Foreword

By Congressman John Lewis

2004 Edition Putting the Movement Back into Civil Rights Teaching

 
Photograph of the two-minute warning on Bloody Sunday, March 7, 1965. By Spider Martin. National Archives.

Photograph of the two-minute warning on Bloody Sunday, March 7, 1965. By Spider Martin. National Archives.

 
 

You are about to embark on a wonderful journey, a journey into our collective identity as an American people. That is why I have always loved history, because it is through the study of our past that we discover who we are today as a nation. And the more you explore the American experience, the more you realize that the cry for freedom has inspired some of the greatest events of our history.

The Civil Rights Movement is just that kind of American story. We were a congregation of “ordinary” men and women who had an extraordinary vision. Some of us had examined our nation’s philosophy simply and eloquently described in the Constitution, but most of us just answered a whisper deep in our souls that something was amiss in America. We faced the truth that generations of racial prejudice, segregation, and discrimination were not fair; they were not right, they were not just. And it was that deep urging for liberation that ignited our courage to act. 

We determined to make this nation live up to its creed of “freedom and justice for all.” And we found a way to get in the way. We found a way, through nonviolent protest, to dramatize our issues. We held up a mirror to America so it could see the true face of its democracy. That revelation brought change. It transformed the landscape of this nation. It also shook the spirits of people around the globe who modeled their own freedom movements on the achievements of these “ordinary,” inspired Americans of the Civil Rights Movement.

History expresses who we are, but it also reveals who we must become. The ideals of this nation are noble and great.

“We hold these truths to be self-evident, that all men are created equal, that they are endowed by their Creator with certain unalienable Rights, that among these are Life, Liberty and the pursuit of Happiness.”   Declaration of Independence, 1776

But they are yet to be fully realized.
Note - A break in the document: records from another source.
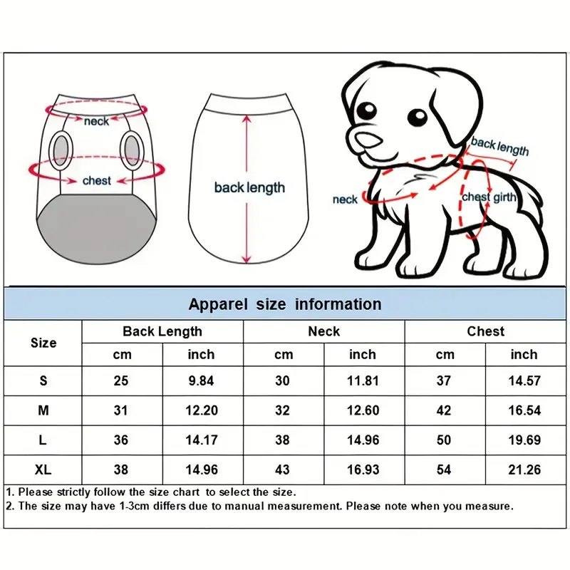 | Size | Back Length (cm/inch) | Neck (cm/inch) | Chest (cm/inch) |
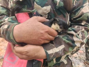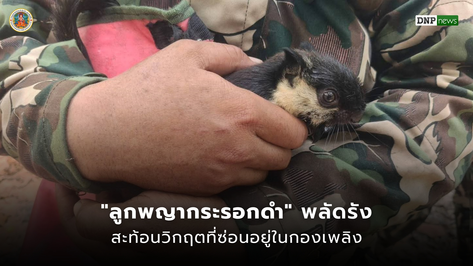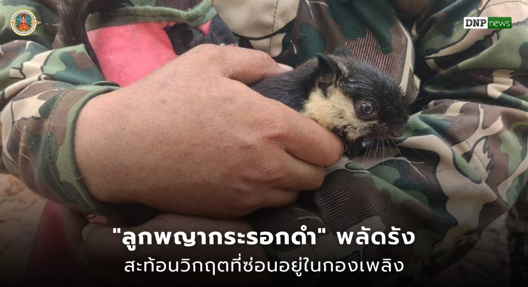 ท่ามกลางควันไฟและเถ้าถ่านที่ยังคงคุกรุ่น เจ้าหน้าที่พิทักษ์ป่าในพื้นที่เขตห้ามล่าสัตว์ป่าห้วยทับเสลา-ห้วยระบำ สำนักบริหารพื้นที่อนุรักษ์ที่ 12 (นครสวรรค์) ได้พบลูกพญากระรอกดำตัวน้อยอยู่ใต้ต้นไม้ระหว่างปฏิบัติภารกิจทำแนวกันไฟ เชื่อว่าตกหล่นออกจากโพรงรัง อันเป็นผลสืบเนื่องจากวิกฤตไฟป่าที่กำลังลุกลาม โชคดีที่ได้รับการช่วยเหลือและดูแลได้ทันเวลาก่อนที่ชีวิตน้อยๆ จะสูญสิ้น
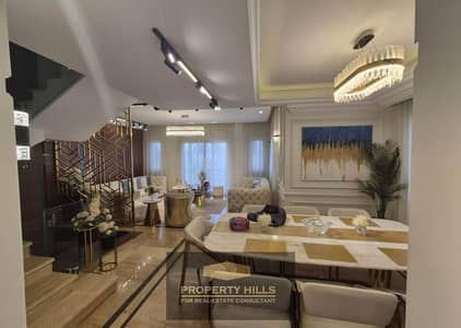 Receive your fully finished, ultra-super-lux townhouse villa immediately with a panoramic view overlooking the landscape, next to Palm Hills, October Park, and Rayos.
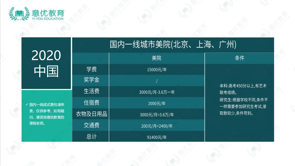 留學辦理費用。留學辦理包括委托留學服務,以及材料費、翻譯和認證費等,具體支出根據(jù)各留學服務機構制定的標準,實際材料支出的費用而不同。國內(nèi)境內(nèi)費用取平均值大概1.2萬人民幣左右。在意優(yōu)學習的學生是免除中介費用(滿足意優(yōu)報名學習條件)。
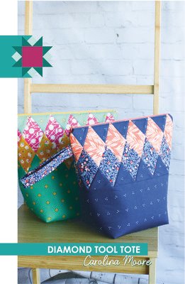 This tote is stylish and fuctional! The fun diamond design adds some dimension to this bag that has a wide mouth and plenty of depth. Great for sewing tools like rotary cutter, scissors, pens, pin cushion, and more… but also perfect as a makeup tote, tech pouch, and more! You''ll find so many handy uses for this bag! Optional carry handle instructions included. This pattern is written for use with the Boxed Bag Template.
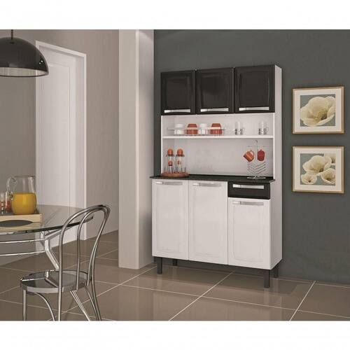 Armário de Cozinha 6 Portas 1 Gaveta Rose I3G1-105 Itatiaia - Branco/Preto
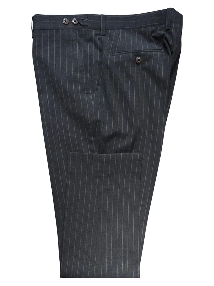 • One of our favorite pinstripe suits. Its weight will allow you to rock this in colder temperatures while keeping you cool. If you’re looking for a charcoal pinstripe suit, this is a great choice. We love this suit with peak lapels. It just makes it a power suit.
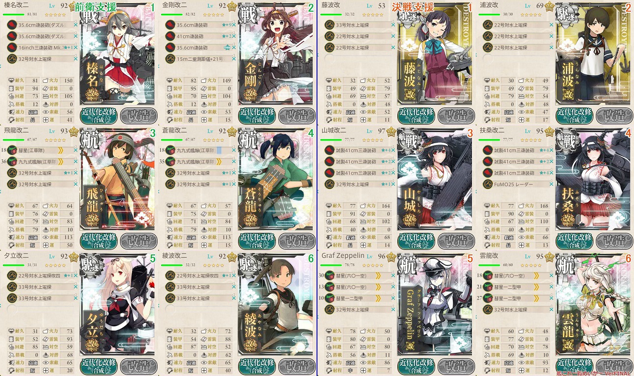 攻略編成と支援艦隊は以下のとおり(クリックで拡大できます)
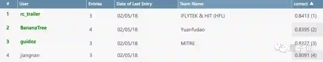 这个任务排名第一的是哈工大讯飞联合实验室团队。
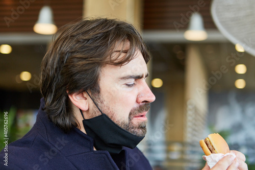 Hungriger Mann beim Burger essen mit Maske am Kinn
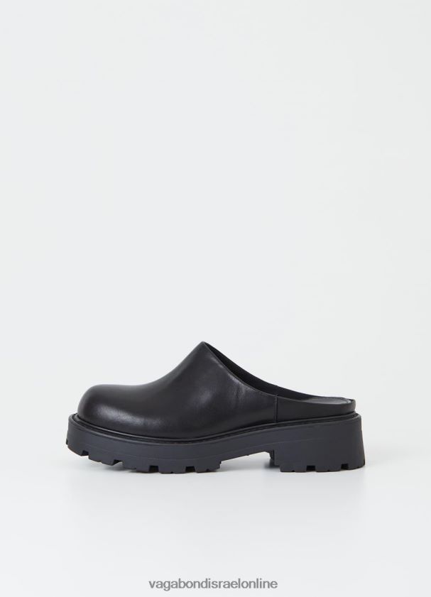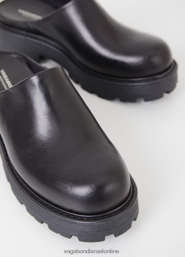 chunky Mules Cosmo 2.0 עשוי מעור שחור, הכולל עיצוב החלקה, בהונות מעוגלות וחלק עליון מינימלי. הסגנון מבוסס על סוליות גומי מוצקות של 45 מ"מ להרמה עדינה.
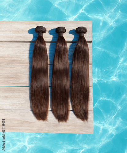 Luxury Black Straight Hair Bundles on Wooden Pool Deck – Virgin Human Hair Extensions for Summer Styling
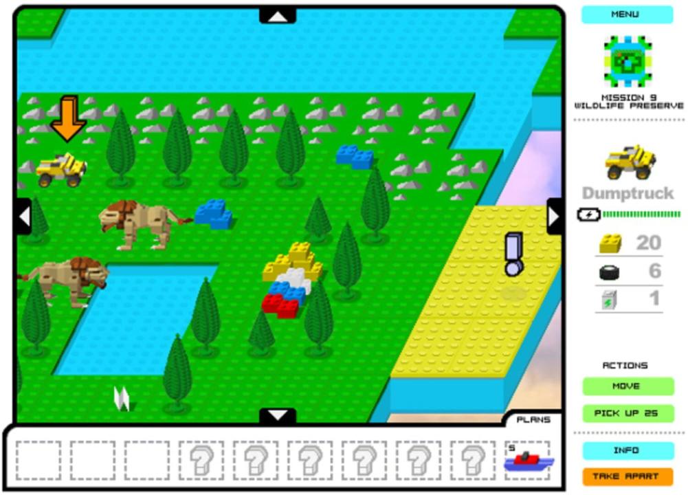 World Builder is a Shockwave puzzle-platformer that was hosted on the official LEGO website in 2002. The player must collect LEGO pieces and the recipes that allow them to assemble those pieces into different kinds of units and vehicles. Each unit type has its own capabilities, allowing the player access new areas and collect more pieces and recipes.

Our past calls us to awaken to our future, to answer the soul’s eternal quest for liberation. Call it the spirit of the Civil Rights Movement or the spirit of history. We must recapture this spirit. As a nation and as a people, we must make this spirit part of our thoughts, our actions, and our lives.

All of us—Black, White, Latino, Asian, and Native American—must pull together for the common good. This is our American mission. This is our charge, to build what I call the Beloved Community, a nation at peace with itself, one nation, one people, one house, and one family. This is, above all, the greatest lesson of the Civil Rights Movement, that our work is not done until our collective dreams of freedom, equality, and justice are made real for every life in this country. Let the stories of these “ordinary” Americans inspire your own dreams. Let the history of this Movement help lead you to your passion. Let it help you find your voice, your way. And then go out and do something great for humanity.